_Data supplied_:
────────────────────────────────────────

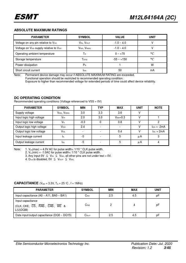The M12L64164A is 67,108,864 bits synchronous high data rate Dynamic RAM organized as 4 x 1,048,576 words by 16 bits.
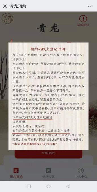 起初,由于“黄牛”放出消息称自己以及“闲鱼”app上有人愿意以比平台发售价更高的价格回收手串,吸引了大量散户为赚取差价而在炎沐公众号上进行预约抽签,前期中签率低、发货速度快、散户每单收益率高,这就使得如果想赚取更多的差价,就要去抽尽可能多的签。“我11月的时候开始预约抽签,一个号一个产品一天只能抽一次,所以我就让亲戚朋友帮忙,用他们的号进行预约,我再付款给他们。”待产的西女士告诉记者,“我一开始其实有些犹豫,但看到群里很多人都在买,闲鱼上也有很稳定的销路,自己就想试试……当时炎沐客服说七天无理由退货,我就没多想。”
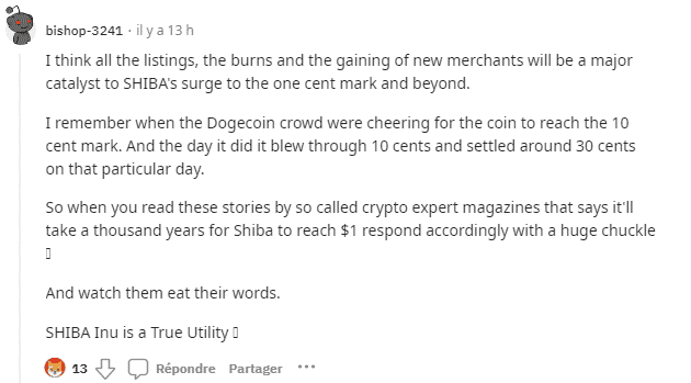 Le rêve d’un SHIB à 1 cent pourrait-il devenir réalité ? C’est ce que pense bishop-3241, auteur d’un long commentaire et d’une analogie avec le DOGE :
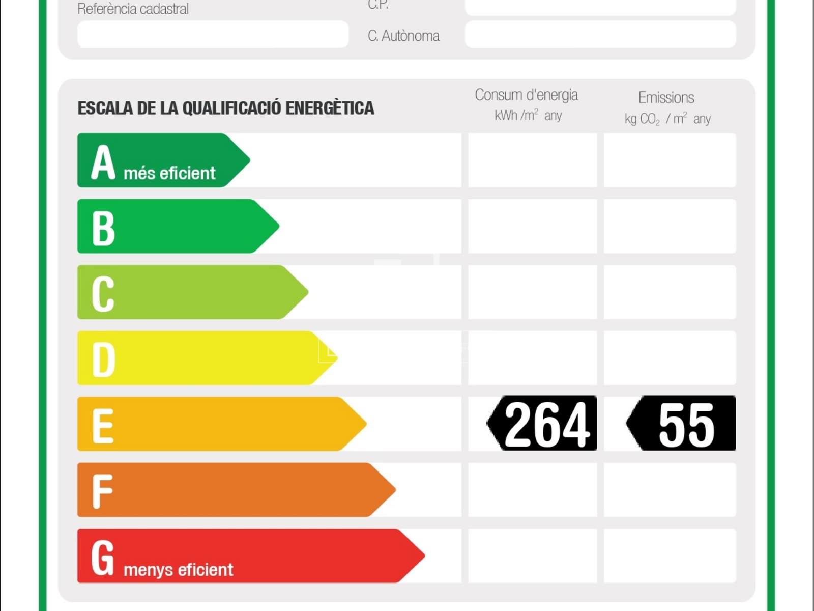 Energy consumption E : 264kWh/m²/year
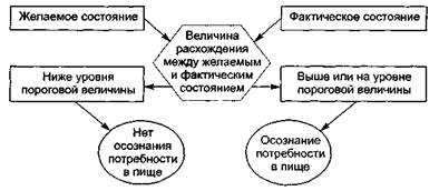 Начальным этапом любой модели процесса принятия решения о покупке является осознание потребности. В теории маркетинга считается, что это происходит тогда, когда активизируется нужда человека и он ощущает существенное различие между фактическим и желательным состоянием уровня потребления товара. Например, если человек ощущает голод (фактическое состояние) и хочет от него избавиться (желаемое состояние), то он тогда осознает потребность в пище, когда расхождение между этими двумя состояниями достигает существенного различия. Иными словами, когда состояние голода превышает некоторую характерную для данного человека пороговую величину (рис. 5.9).
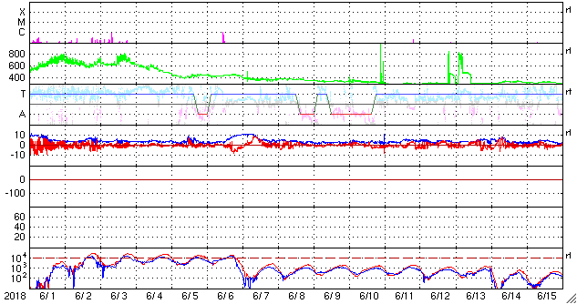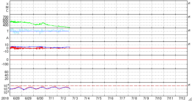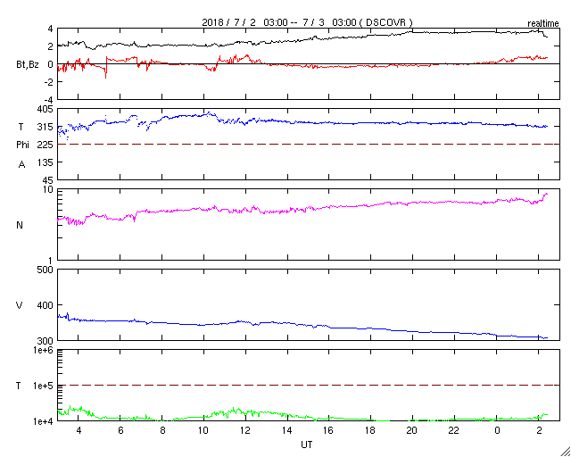 2018/ 7/ 3 11:39 更新 太陽風の速度は300km/秒近くまで下がっています。 担当 篠原 太陽風の速度は、昨日のニュース以降も低下を続け、 310km/秒まで下がっています。 完全に低速の風になっています。 磁場強度は、2nTから3〜4nTに少し上がっていますが、 値としては、やや弱い状態です。 磁場の南北成分は、0nT付近で小さくなっています。 速度が遅くなっていることもあって磁気圏は穏やかで、 AE指数のグラフは、ほとんど変化がありません。 SDO衛星AIA193の太陽コロナ写真は、 北極域を除くと、全体がぼんやりと光っていて、 コロナホールは見られません。 27日周期の図の前周期と同様に、 低速の穏やかな太陽風がしばらく続きそうです。 太陽は今日も無黒点です。 X線グラフも変化はなく、太陽はとても穏やかです。 ![]() SDO衛星のAIA193カメラによる太陽コロナの様子 (c) SDO (NASA) ![]() SDO衛星による太陽の可視光写真 (c) SDO (NASA) ![]() DSCOVRが観測した太陽風の磁場(1番上の枠、黒線は全体の強度、赤線は南北成分) および、太陽風の密度(3番目の紫線)、速度(4番目の青線) (c) データ:NOAA/SWPC、作図:宇宙天気ニュース ![]() AE指数(速報値) 下段のAEグラフの値が高くなると、オーロラ活動が活発化しています。 (c) 京都大学WDC ![]() ![]() 27日の太陽周期に合わせたデータプロット 太陽が同じ面を地球に向けていた27日前の変化から、今後を予想することができます。 (c) 作図:宇宙天気ニュース
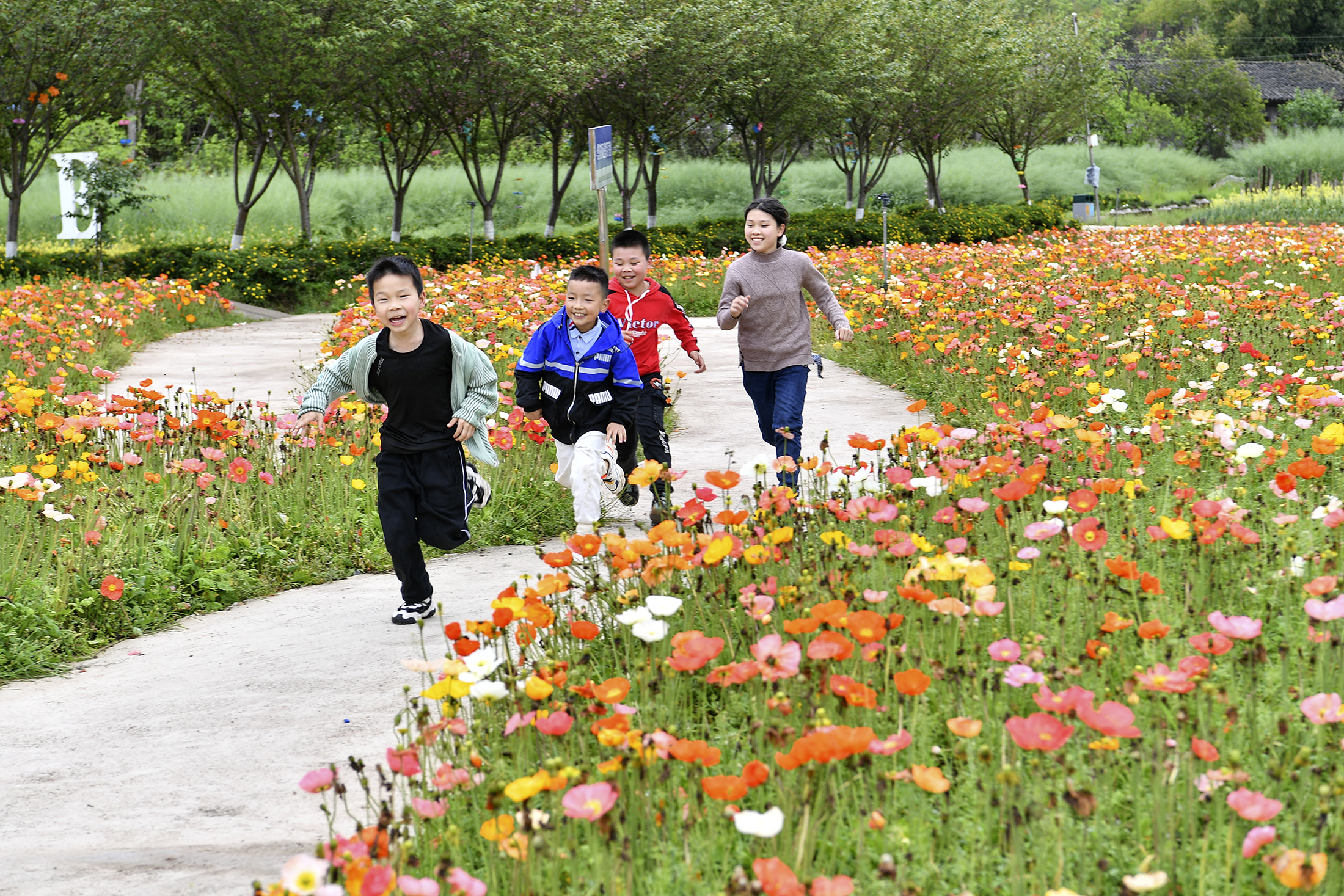 4月5日,人们在北京元大都城垣遗址公园赏花。清明假期,人们纷纷来到户外踏青休闲,感受春天的气息。
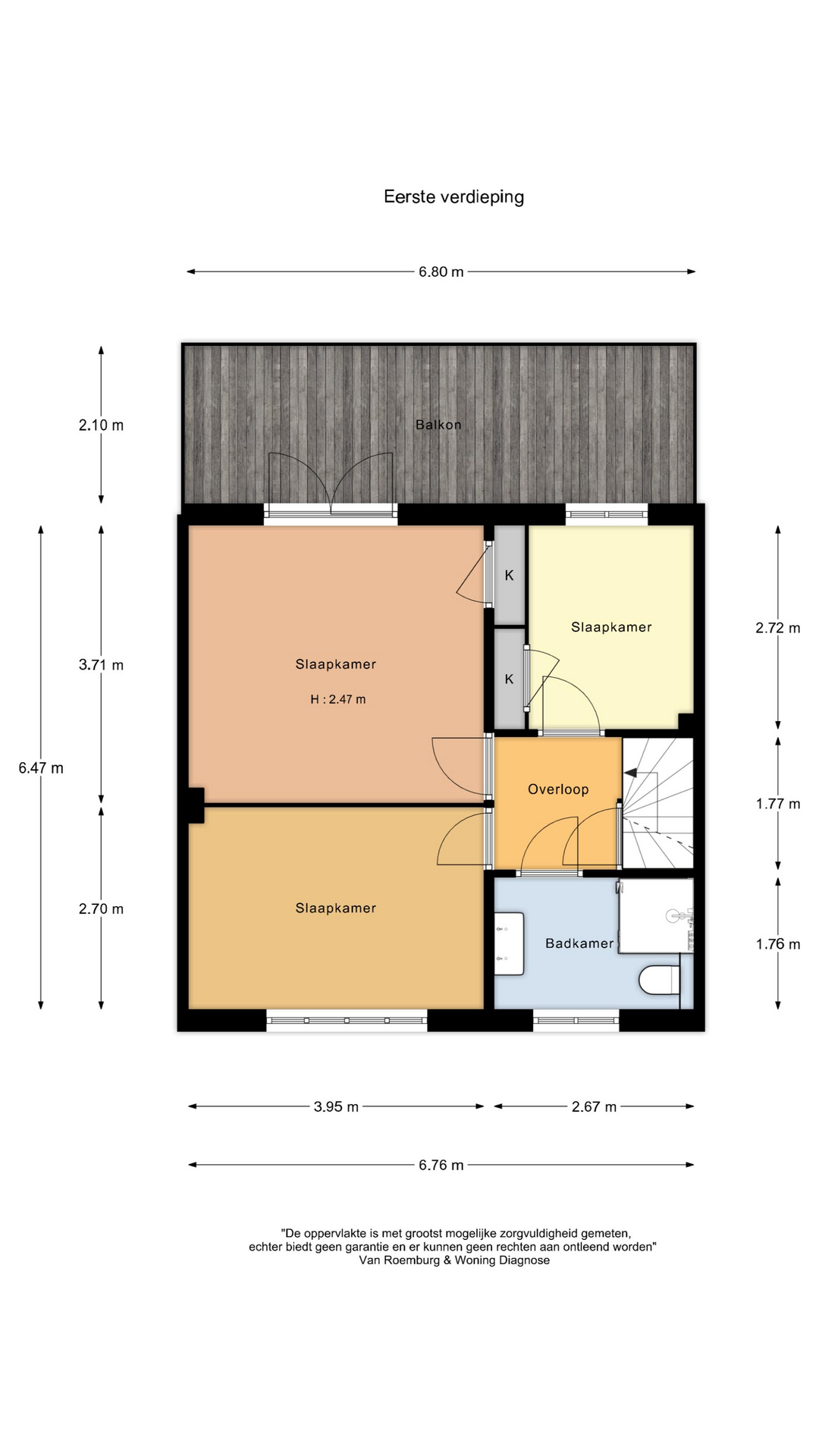 Op de eerste verdieping bevinden zich drie slaapkamers waarvan er twee voorzien zijn van inbouwkasten. De grootste slaapkamer heeft openslaande deuren naar het balkon. De moderne badkamer is uitgerust met een toilet, een ruime douchehoek en een dubbele wastafel.
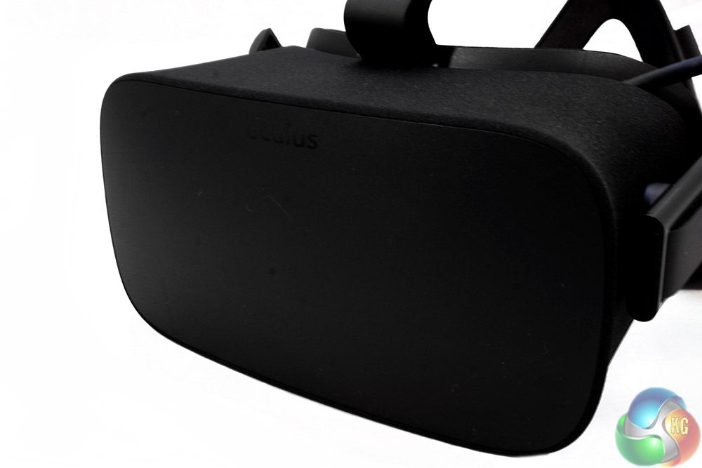 The fabric only runs around the sides, top and bottom of the headset's faceplate though. The front is a matt black plastic, that is very closely matched to the colour grade of the fabric, giving it a very uniform look. There is also a small Oculus logo embossed on the front.
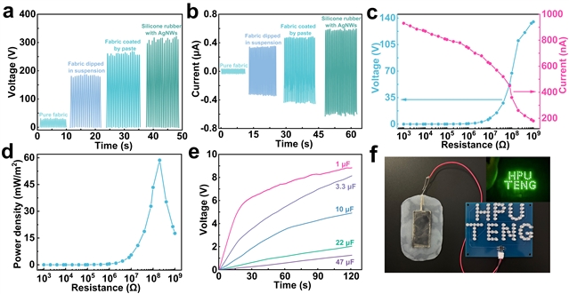 图3(a)不同织物导电层和橡胶表面进一步旋涂AgNWs的TENG的开路电压和(b)短路电流;(c)TENG在不同外部负载下的开路电压、短路电流和(d)功率密度;(e)TENG在不同电容容量下的充电能力;(f)用手按压TENG,点亮由78个串联LED灯组成的“HPU TENG”字样
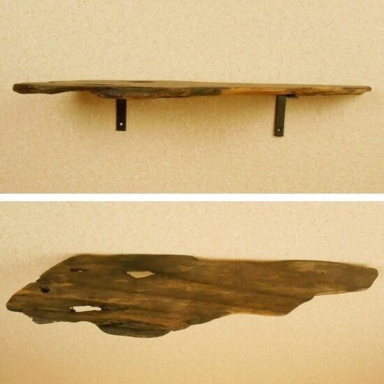 【温泉流木】薄く軽い渋味のある和風な流木壁掛け棚 ウォールラック 流木インテリア
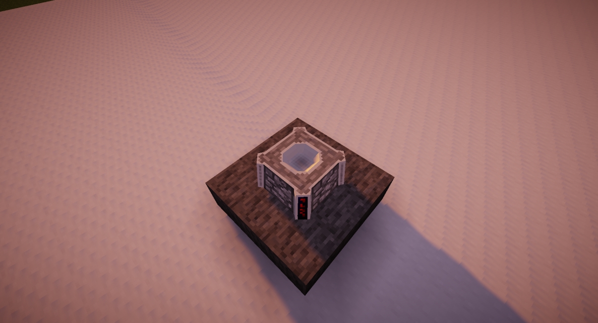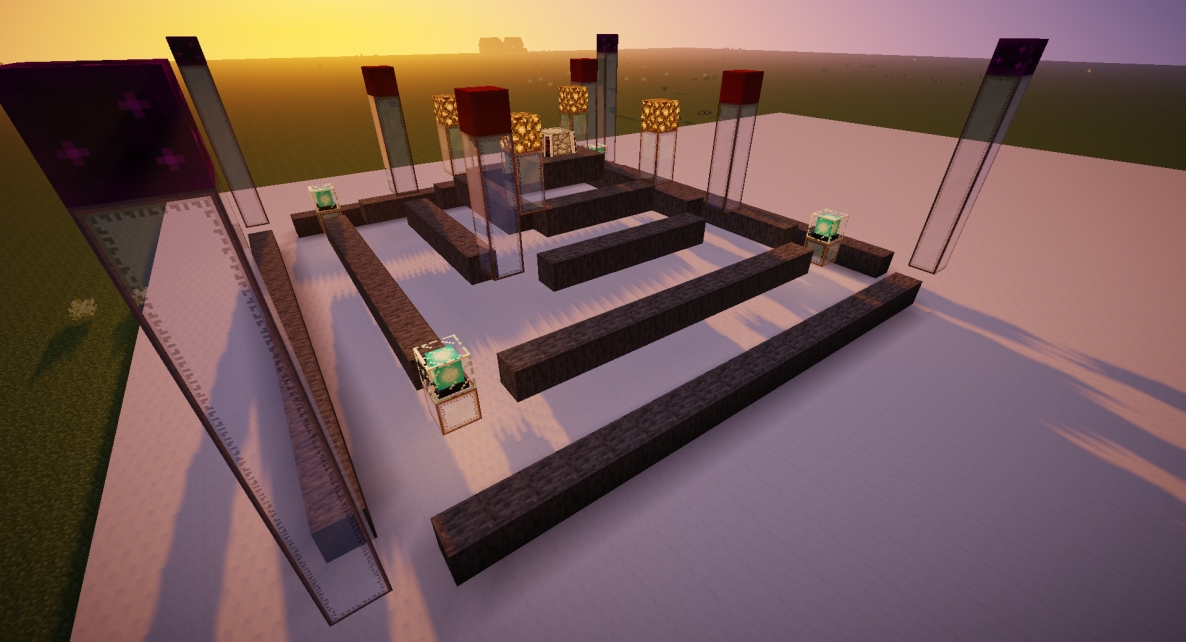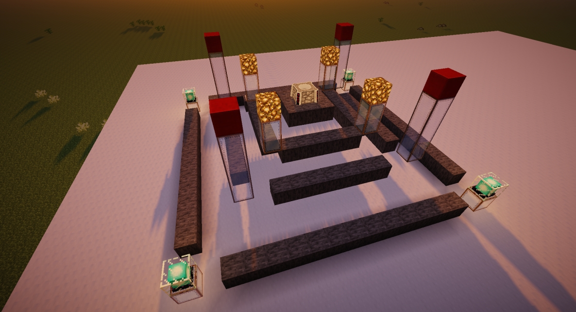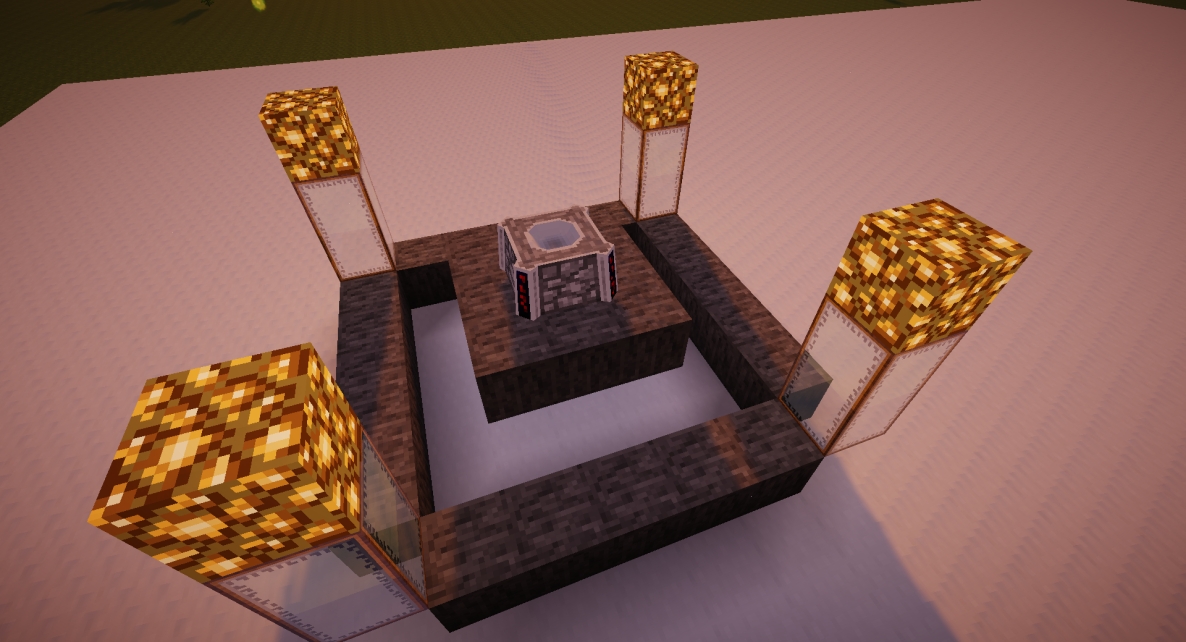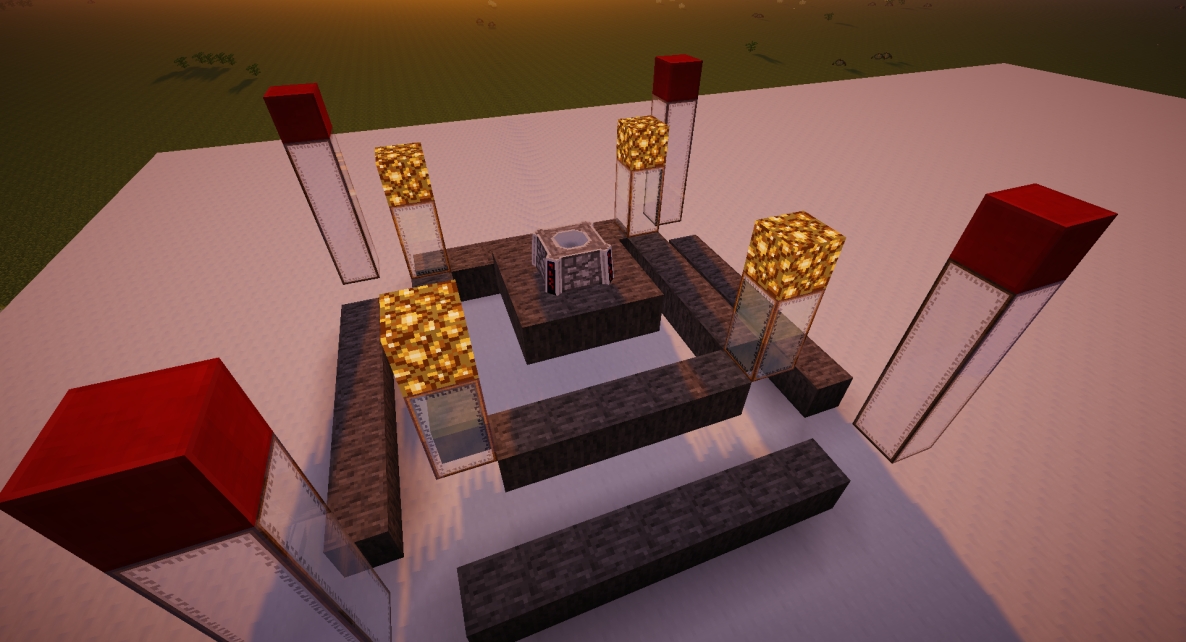 На каждом углу требуется установить по блоку кристального скопления, который должен быть на 1 уровень выше кровавого кирпича.

────────────────────────────────────────

_Task to complete_: Look above for the line with "Le rêve d’un"; quote it and every line after it, stopping after the line with "Energy consumption E : 264kWh/m²/year", exactly, with nothing added and without pictures.

_Output below_:
 Le rêve d’un SHIB à 1 cent pourrait-il devenir réalité ? C’est ce que pense bishop-3241, auteur d’un long commentaire et d’une analogie avec le DOGE :
 Energy consumption E : 264kWh/m²/year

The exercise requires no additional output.